What the task requires is an exact printout of the listing below, pictures excluded.

+ + + + +

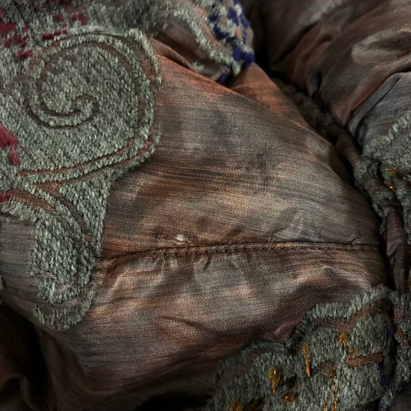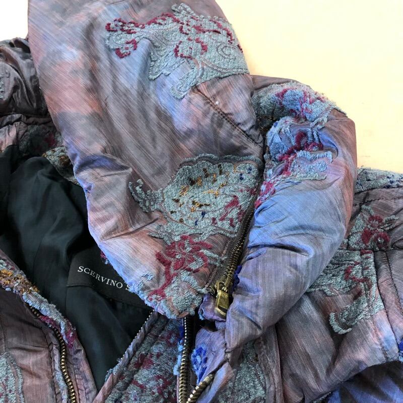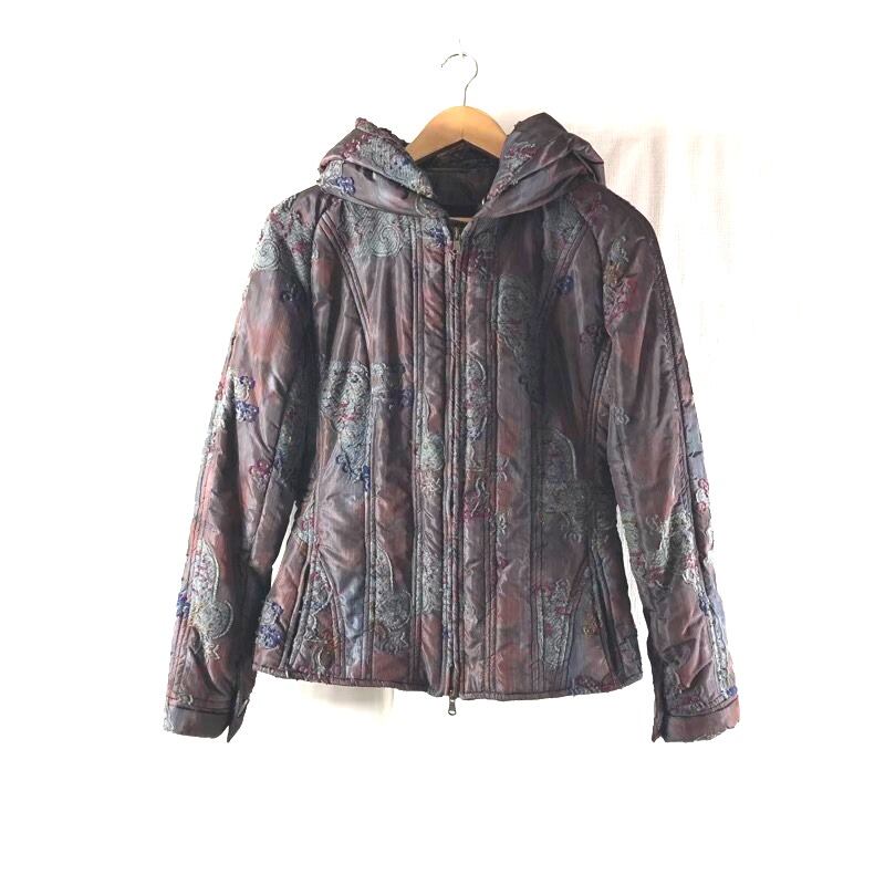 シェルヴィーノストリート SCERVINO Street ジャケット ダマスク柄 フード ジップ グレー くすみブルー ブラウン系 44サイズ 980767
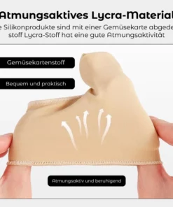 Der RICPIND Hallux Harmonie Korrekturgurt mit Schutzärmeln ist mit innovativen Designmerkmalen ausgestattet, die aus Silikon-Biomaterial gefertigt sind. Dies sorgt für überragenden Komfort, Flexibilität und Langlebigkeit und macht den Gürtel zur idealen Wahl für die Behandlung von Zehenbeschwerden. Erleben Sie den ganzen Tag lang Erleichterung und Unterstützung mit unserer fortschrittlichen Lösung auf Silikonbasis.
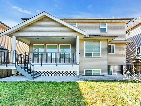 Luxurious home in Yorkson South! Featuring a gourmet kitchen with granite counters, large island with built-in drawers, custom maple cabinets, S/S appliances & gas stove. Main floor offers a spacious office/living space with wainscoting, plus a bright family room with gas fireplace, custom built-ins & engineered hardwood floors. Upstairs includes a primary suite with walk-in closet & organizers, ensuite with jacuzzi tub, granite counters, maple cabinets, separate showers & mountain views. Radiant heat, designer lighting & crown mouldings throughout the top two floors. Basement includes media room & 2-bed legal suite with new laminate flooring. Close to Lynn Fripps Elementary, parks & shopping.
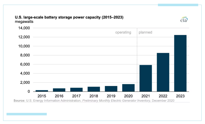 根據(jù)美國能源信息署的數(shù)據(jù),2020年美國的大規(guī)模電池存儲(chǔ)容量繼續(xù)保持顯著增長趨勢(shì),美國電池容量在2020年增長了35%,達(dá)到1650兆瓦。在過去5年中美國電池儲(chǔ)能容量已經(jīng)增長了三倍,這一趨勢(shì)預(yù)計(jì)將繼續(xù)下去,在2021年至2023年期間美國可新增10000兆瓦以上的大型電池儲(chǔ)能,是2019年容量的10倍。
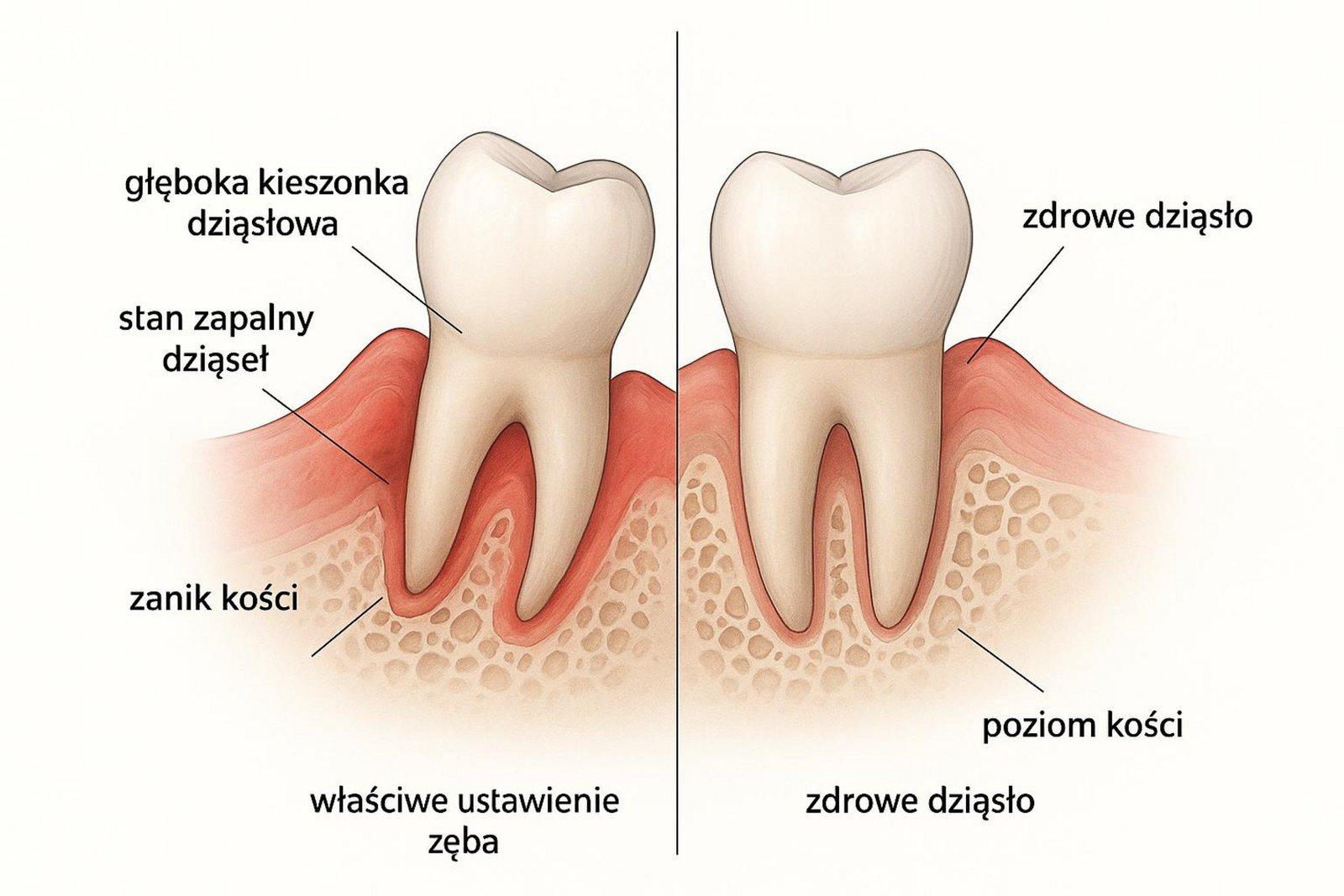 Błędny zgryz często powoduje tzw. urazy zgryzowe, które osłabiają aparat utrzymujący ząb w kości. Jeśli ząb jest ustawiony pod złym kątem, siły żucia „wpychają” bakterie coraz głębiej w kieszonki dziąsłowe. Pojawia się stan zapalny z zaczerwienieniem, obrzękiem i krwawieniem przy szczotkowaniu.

+ + + + +

■ Written answer:
 シェルヴィーノストリート SCERVINO Street ジャケット ダマスク柄 フード ジップ グレー くすみブルー ブラウン系 44サイズ 980767
 Der RICPIND Hallux Harmonie Korrekturgurt mit Schutzärmeln ist mit innovativen Designmerkmalen ausgestattet, die aus Silikon-Biomaterial gefertigt sind. Dies sorgt für überragenden Komfort, Flexibilität und Langlebigkeit und macht den Gürtel zur idealen Wahl für die Behandlung von Zehenbeschwerden. Erleben Sie den ganzen Tag lang Erleichterung und Unterstützung mit unserer fortschrittlichen Lösung auf Silikonbasis.
 Luxurious home in Yorkson South! Featuring a gourmet kitchen with granite counters, large island with built-in drawers, custom maple cabinets, S/S appliances & gas stove. Main floor offers a spacious office/living space with wainscoting, plus a bright family room with gas fireplace, custom built-ins & engineered hardwood floors. Upstairs includes a primary suite with walk-in closet & organizers, ensuite with jacuzzi tub, granite counters, maple cabinets, separate showers & mountain views. Radiant heat, designer lighting & crown mouldings throughout the top two floors. Basement includes media room & 2-bed legal suite with new laminate flooring. Close to Lynn Fripps Elementary, parks & shopping.
 根據(jù)美國能源信息署的數(shù)據(jù),2020年美國的大規(guī)模電池存儲(chǔ)容量繼續(xù)保持顯著增長趨勢(shì),美國電池容量在2020年增長了35%,達(dá)到1650兆瓦。在過去5年中美國電池儲(chǔ)能容量已經(jīng)增長了三倍,這一趨勢(shì)預(yù)計(jì)將繼續(xù)下去,在2021年至2023年期間美國可新增10000兆瓦以上的大型電池儲(chǔ)能,是2019年容量的10倍。
 Błędny zgryz często powoduje tzw. urazy zgryzowe, które osłabiają aparat utrzymujący ząb w kości. Jeśli ząb jest ustawiony pod złym kątem, siły żucia „wpychają” bakterie coraz głębiej w kieszonki dziąsłowe. Pojawia się stan zapalny z zaczerwienieniem, obrzękiem i krwawieniem przy szczotkowaniu.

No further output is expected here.